Set down exact lines only, from the line with "タンクトップをレイヤードしたデザインのペンシル型スカート。" through the last line of the material below, with every picture left out.

▶ [INFORMATION PROVIDED]
++++++++++++++++++++

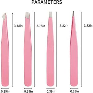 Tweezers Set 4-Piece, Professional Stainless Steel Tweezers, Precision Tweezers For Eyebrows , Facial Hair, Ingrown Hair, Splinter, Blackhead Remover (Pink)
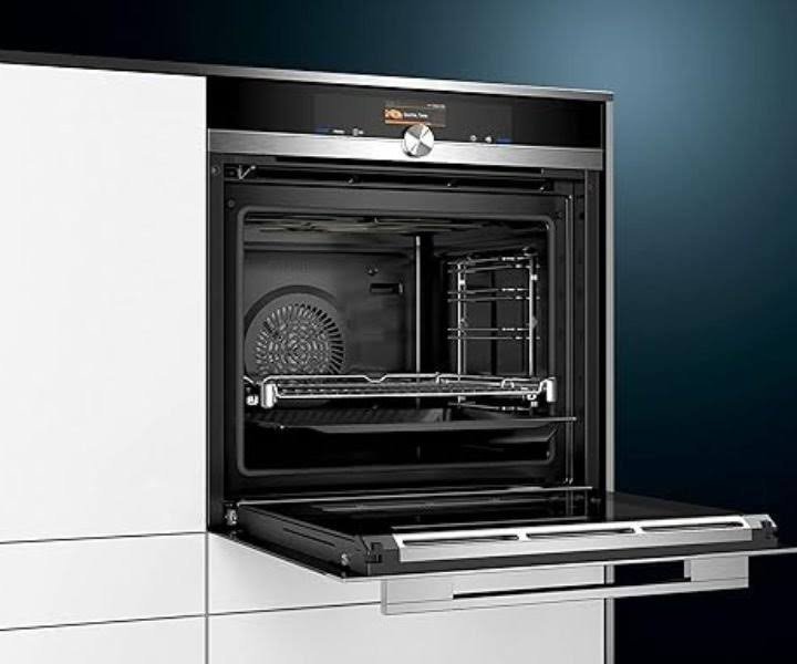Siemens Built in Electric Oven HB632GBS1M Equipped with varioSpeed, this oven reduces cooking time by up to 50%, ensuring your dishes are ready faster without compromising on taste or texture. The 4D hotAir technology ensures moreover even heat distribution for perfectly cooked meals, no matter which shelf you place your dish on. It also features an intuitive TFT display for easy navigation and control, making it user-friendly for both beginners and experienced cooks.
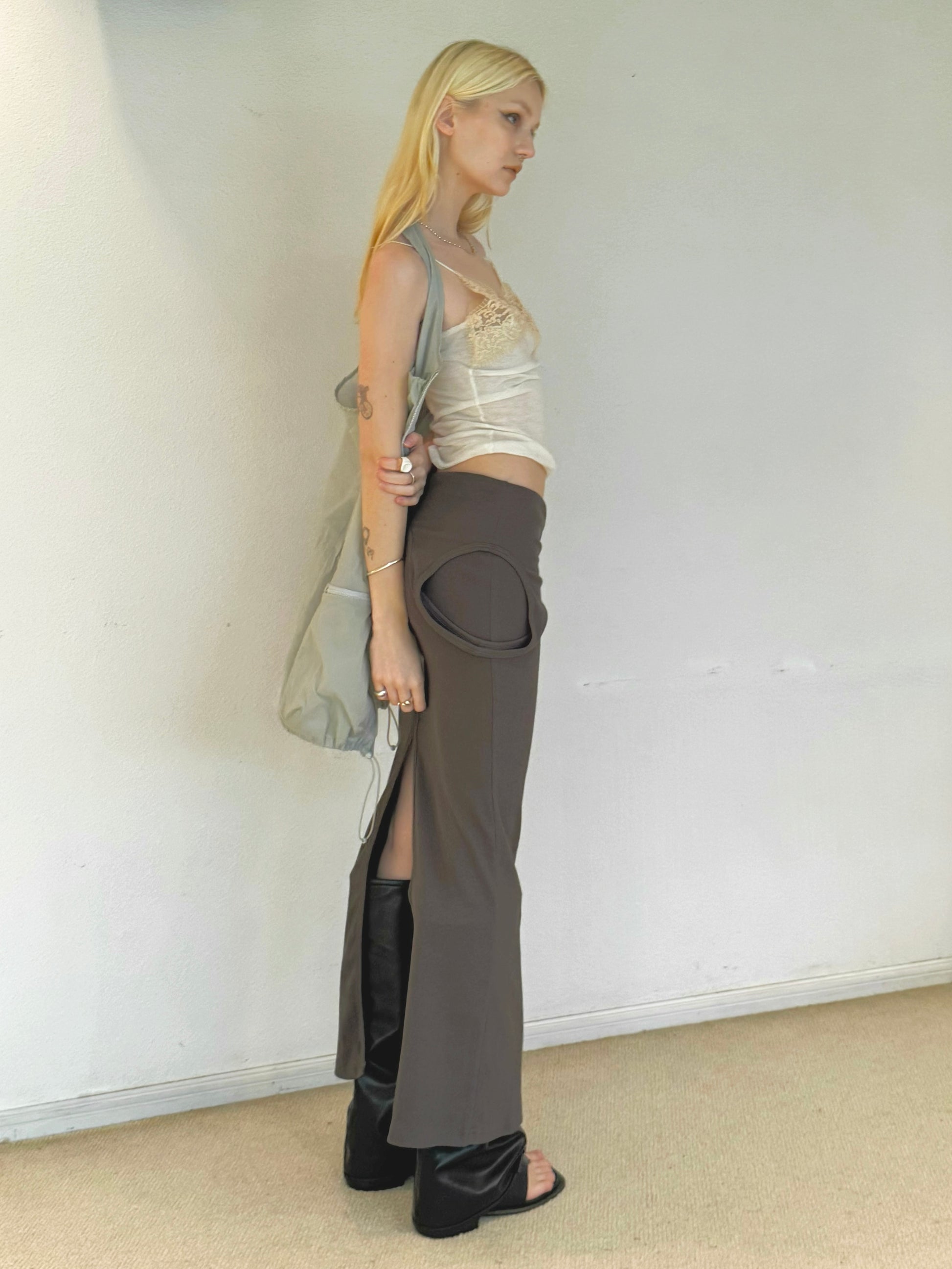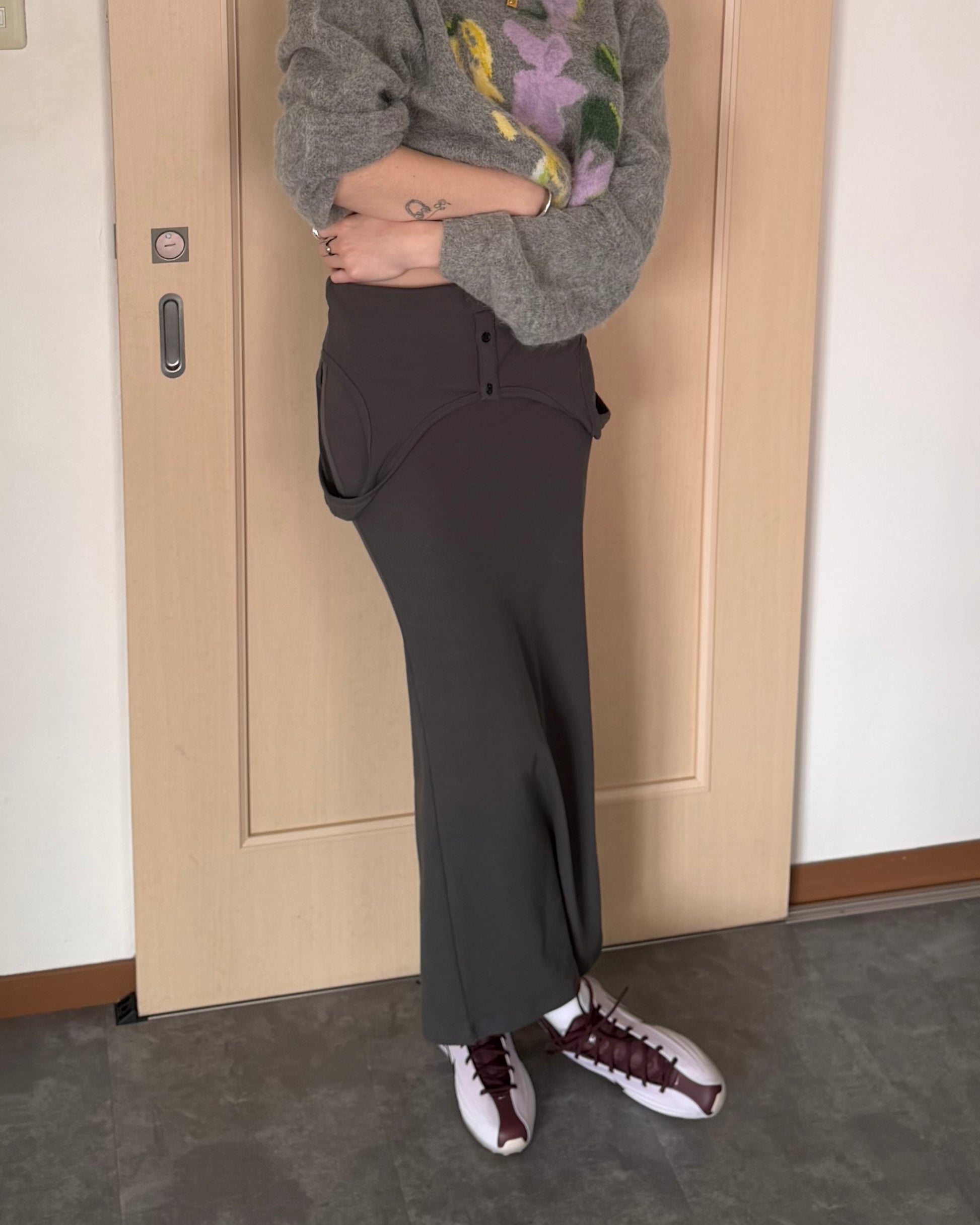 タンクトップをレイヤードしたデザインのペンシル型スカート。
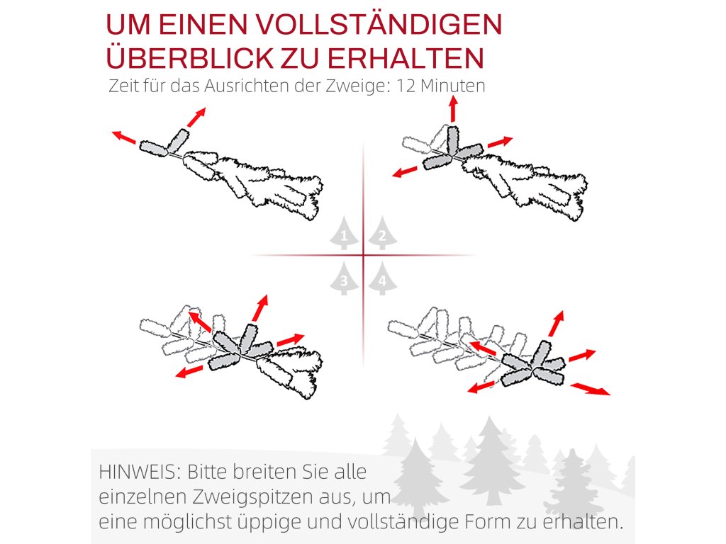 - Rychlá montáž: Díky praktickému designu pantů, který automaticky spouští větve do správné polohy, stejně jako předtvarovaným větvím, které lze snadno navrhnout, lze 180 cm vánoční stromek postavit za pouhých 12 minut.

++++++++++++++++++++

▶ [WORKED SOLUTION]
 タンクトップをレイヤードしたデザインのペンシル型スカート。
 - Rychlá montáž: Díky praktickému designu pantů, který automaticky spouští větve do správné polohy, stejně jako předtvarovaným větvím, které lze snadno navrhnout, lze 180 cm vánoční stromek postavit za pouhých 12 minut.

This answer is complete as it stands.